Elena, on the other hand, was traveling with Oliver for the adventure of it.  She didn't know anything about trucks.  So when it broke down, she wasn't overly concerned about it.  Indeed, it wouldn't help a single bit more if she was concerned about it.  All she could do is to offer Oliver "a shoulder to cry-on" (and if one's honest, initially "a bit more...") every so often when he got frustrated.  But the truck wasn't going to get fixed by her.  HOWEVER, while Oliver spent his energy trying to get the truck fixed, Elena got to "explore," and not so much "geographically" the town and its surroundings, but instead explore/become interested in the people and their way of life.

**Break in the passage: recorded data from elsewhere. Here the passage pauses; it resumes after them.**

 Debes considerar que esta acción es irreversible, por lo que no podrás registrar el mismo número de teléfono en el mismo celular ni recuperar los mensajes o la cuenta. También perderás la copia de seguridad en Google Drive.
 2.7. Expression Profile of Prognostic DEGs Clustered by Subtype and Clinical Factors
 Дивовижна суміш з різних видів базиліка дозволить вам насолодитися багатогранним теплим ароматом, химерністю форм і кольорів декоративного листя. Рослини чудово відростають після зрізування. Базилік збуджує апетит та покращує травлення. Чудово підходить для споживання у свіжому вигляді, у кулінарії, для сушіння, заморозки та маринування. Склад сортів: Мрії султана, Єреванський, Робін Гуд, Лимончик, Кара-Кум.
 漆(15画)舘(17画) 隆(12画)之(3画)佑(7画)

To this end, of learning about the culture, both Elena (and Oliver) had some useful skills.  Being Swiss, they spoke three languages -- French, German and Italian.  Indeed, one gets the sense that if Oliver did not speak French, the whole opportunity of driving a truck from French/Arabic speaking Algiers to French/Arabic speaking Mali (presumably for some profit) would not have even come up.  And since many/most people in Algeria speak both French and Arabic, the search for parts to fix the truck was not and out-and-out impossibility.  But here Elena comes to really shine.  Most of those residents from the town who had gone to Europe to work were working in France, Italy or Germany.  Indeed Elena's knowledge of Italian helped her help a wife of one of these workers communicate with one of his bosses in Italy when she got a message that he had gotten hurt in some way.  As a result of her interest/helpfulness, the women in the town come to adopt her.

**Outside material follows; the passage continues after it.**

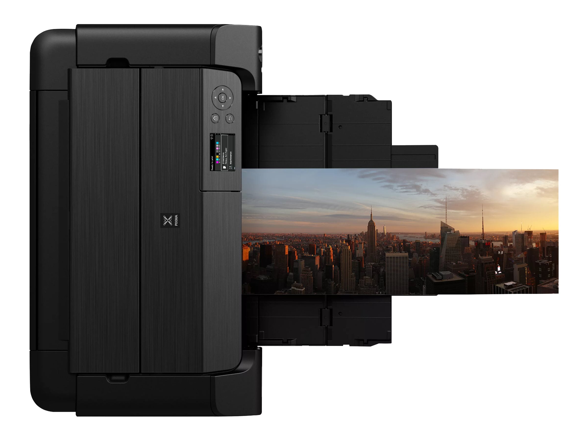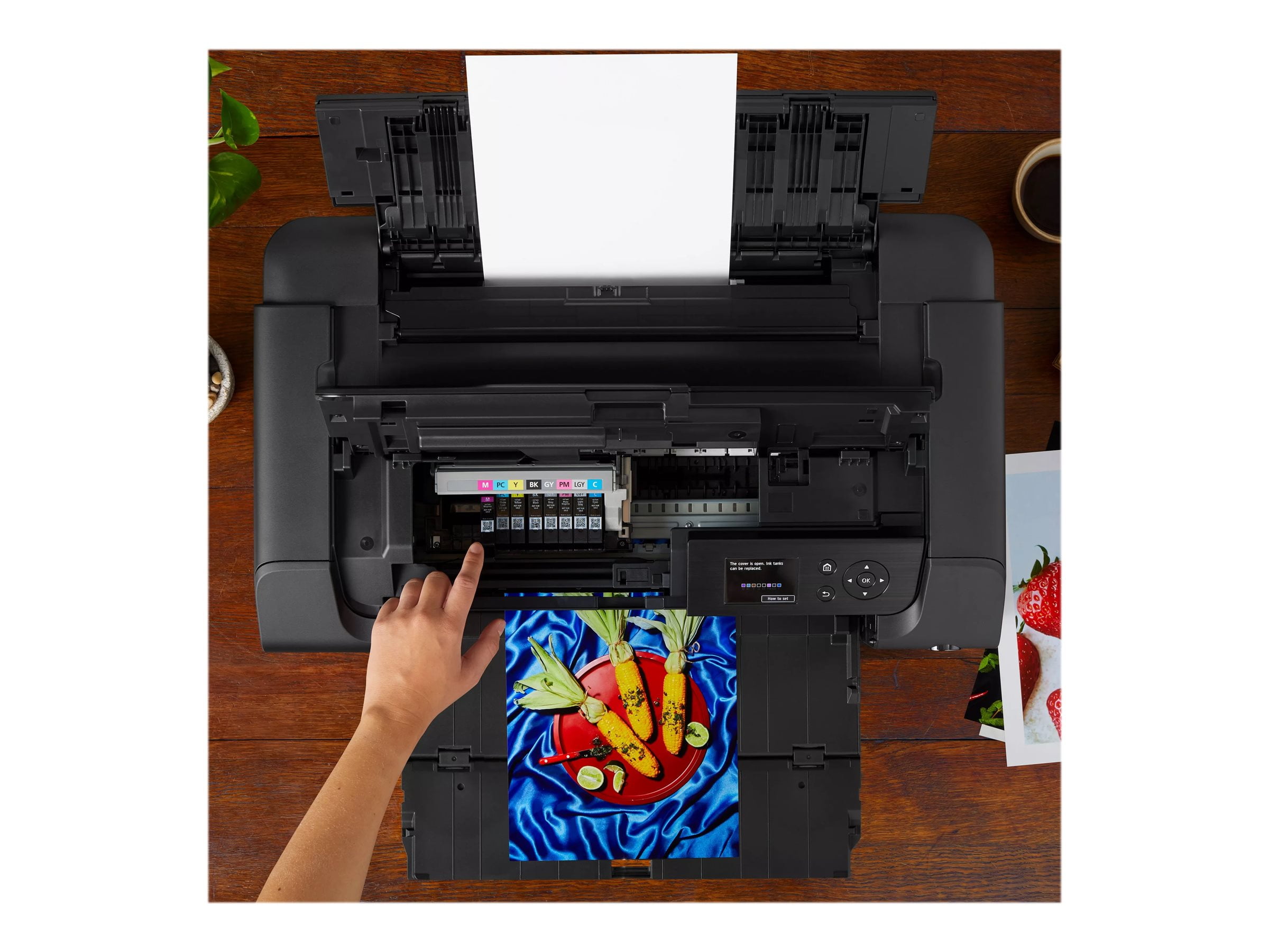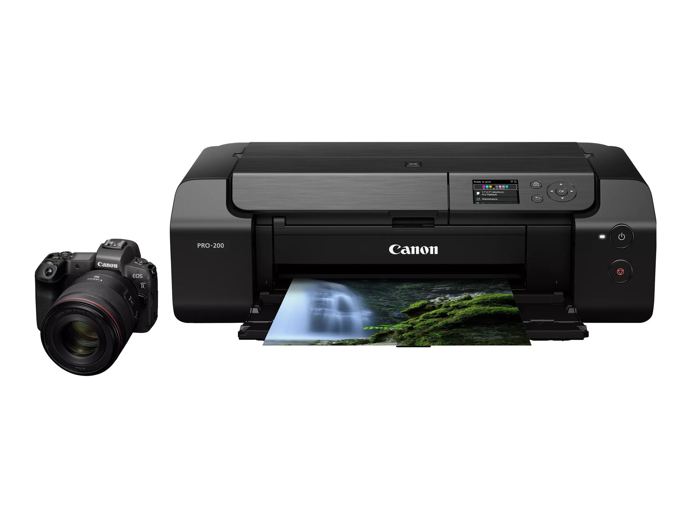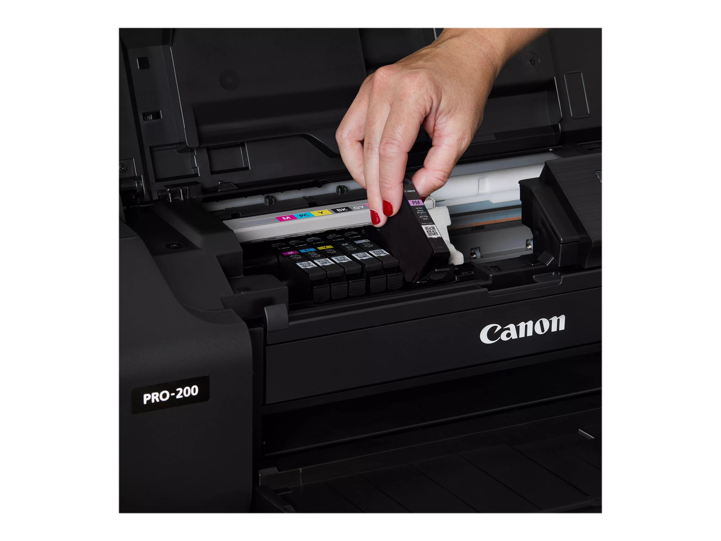 PIXMA PRO-200 The PIXMA PRO-200 Wireless Professional Inkjet Photo Printer is the ideal choice to bring your photos and designs to life in vibrant color. With an 8-color dye-based ink system, this versatile 13″ wide printer is designed to meet the demands of photographers and graphic artists alike. The PIXMA PRO-200 offers beautiful print quality, high-speed printing, and outstanding productivity in a compact footprint, allowing you to consistently produce the results your artistic work deserves. Bring your images to life with fast, professional quality print results. VIBRANT, TRUE COLORS With an 8-color dye-based ink system including two monochrome inks (gray, light gray), enjoy accurate color reproduction, richer colors, and vibrant professional printing, every time. FAST PHOTO PRINTING Increase your productivity through efficient high-speed printing. Produce a bordered A3+ print in just 90 seconds or a bordered 8×10 print in 53 seconds! ENHANCED COLOR GAMUT ChromaLife100+ CLI-65 ink is specially formulated for enhanced color gamut in magenta and reds, deeper black expression, and improvement of dark color reproduction in red and blues. BEAUTIFUL QUALITY ON A VARIETY OF MEDIA Express your creativity and choose a paper that suits your image or artwork., The PRO-200 prints on a diverse range of photo papers, from glossy and luster to matte or fine art. With the PRO-200 you can experience efficient, professional-level productivity in an easy-to-use printing system. COMPACT DESIGN Save space in your home or studio with a compact stylish design, the PIXMA PRO-200 is 15% smaller than the PIXMA PRO-10/PRO-100. 3.0″ COLOR LCD DISPLAY Easily check ink levels and printer status at-a-glance. You can also set certain printer settings and perform basic maintenance directly on the printer without a computer. VERSATILE MEDIA HANDLING The PRO-200 is compatible with a variety of media and has both Top Feed and rear Manual Feed options. With the addition of Panorama size and the ability to print sizes up to 39 inches long, you can express your images as you envisioned.

And this becomes all the more interesting as a lot of those women who adopted Elena as one of their own wore headscarves (and therefore one would expect them to be rather "conservative").  But this was also taking place in Algeria.  Some of the women _did not_ wear headscarves and presumably ALL/MOST of them had relatives who did not.  Indeed, one of the women that Elena meets had a head-scarfless cousin who was returning/visiting from (as it was presented, almost) "hippie liberal Algiers."  In any case, it's another reminder to us here in the West that the Moslem world is far more diverse/complex than at times we may assume that it is.

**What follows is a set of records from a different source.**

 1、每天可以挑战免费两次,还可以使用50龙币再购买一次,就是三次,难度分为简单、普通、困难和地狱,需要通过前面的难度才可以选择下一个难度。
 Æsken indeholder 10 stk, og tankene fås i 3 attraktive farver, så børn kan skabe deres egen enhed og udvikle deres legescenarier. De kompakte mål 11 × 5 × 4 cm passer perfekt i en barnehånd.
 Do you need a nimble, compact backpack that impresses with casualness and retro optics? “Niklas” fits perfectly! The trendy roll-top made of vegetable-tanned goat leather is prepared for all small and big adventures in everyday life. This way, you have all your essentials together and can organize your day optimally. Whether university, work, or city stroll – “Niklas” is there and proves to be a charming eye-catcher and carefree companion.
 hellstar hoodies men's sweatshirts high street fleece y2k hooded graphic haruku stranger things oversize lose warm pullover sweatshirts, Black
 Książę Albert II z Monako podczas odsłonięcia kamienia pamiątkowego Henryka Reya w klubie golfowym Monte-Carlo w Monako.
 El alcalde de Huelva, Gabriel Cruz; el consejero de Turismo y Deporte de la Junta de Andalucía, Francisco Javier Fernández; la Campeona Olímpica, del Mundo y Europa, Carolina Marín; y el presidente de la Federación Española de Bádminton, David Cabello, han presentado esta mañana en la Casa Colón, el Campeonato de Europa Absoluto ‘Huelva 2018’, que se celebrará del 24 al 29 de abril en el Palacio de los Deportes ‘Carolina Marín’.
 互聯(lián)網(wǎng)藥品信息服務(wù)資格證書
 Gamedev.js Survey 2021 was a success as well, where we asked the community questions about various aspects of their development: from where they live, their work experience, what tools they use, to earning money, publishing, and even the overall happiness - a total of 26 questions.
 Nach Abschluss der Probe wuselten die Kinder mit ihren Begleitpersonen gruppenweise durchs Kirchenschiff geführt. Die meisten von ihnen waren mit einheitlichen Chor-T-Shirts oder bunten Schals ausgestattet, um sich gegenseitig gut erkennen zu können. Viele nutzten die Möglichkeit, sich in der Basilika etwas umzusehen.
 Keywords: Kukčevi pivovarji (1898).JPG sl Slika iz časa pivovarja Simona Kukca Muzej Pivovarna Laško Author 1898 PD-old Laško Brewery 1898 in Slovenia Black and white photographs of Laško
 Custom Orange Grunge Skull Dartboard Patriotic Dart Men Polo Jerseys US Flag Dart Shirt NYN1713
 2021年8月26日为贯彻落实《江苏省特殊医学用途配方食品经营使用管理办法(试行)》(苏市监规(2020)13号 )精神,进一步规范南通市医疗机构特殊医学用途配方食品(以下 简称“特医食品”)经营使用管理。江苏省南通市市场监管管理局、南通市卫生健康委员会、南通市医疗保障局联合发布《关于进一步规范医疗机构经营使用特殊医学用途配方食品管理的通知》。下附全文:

Finally, someone like me, a Catholic priest, certainly would notice the "lifestyle arrangement" of the unmarried central couple in the story, Elena and Oliver.  And here I would honestly note that it should not surprise _anyone_ what more or less obviously happens to this couple as the story plays out.  It would seem that they had been together only for "the adventure" of it all (symbolized by their "driving a truck through Africa").  And while things went well, they were happy together.  When "the truck broke down" however ... well ... and why would anybody be surprised?

So theirs was a "lifestyle choice" that wasn't exactly thought-through.  Now we could choose to live life in a manner that is "not thought through" / "not serious" but at some point ... one has to say that kind of "lifestyle choice" becomes rather shallow.   We're called to be more than merely "shallow..."

Still, what a well-done and thought-provoking film regardless!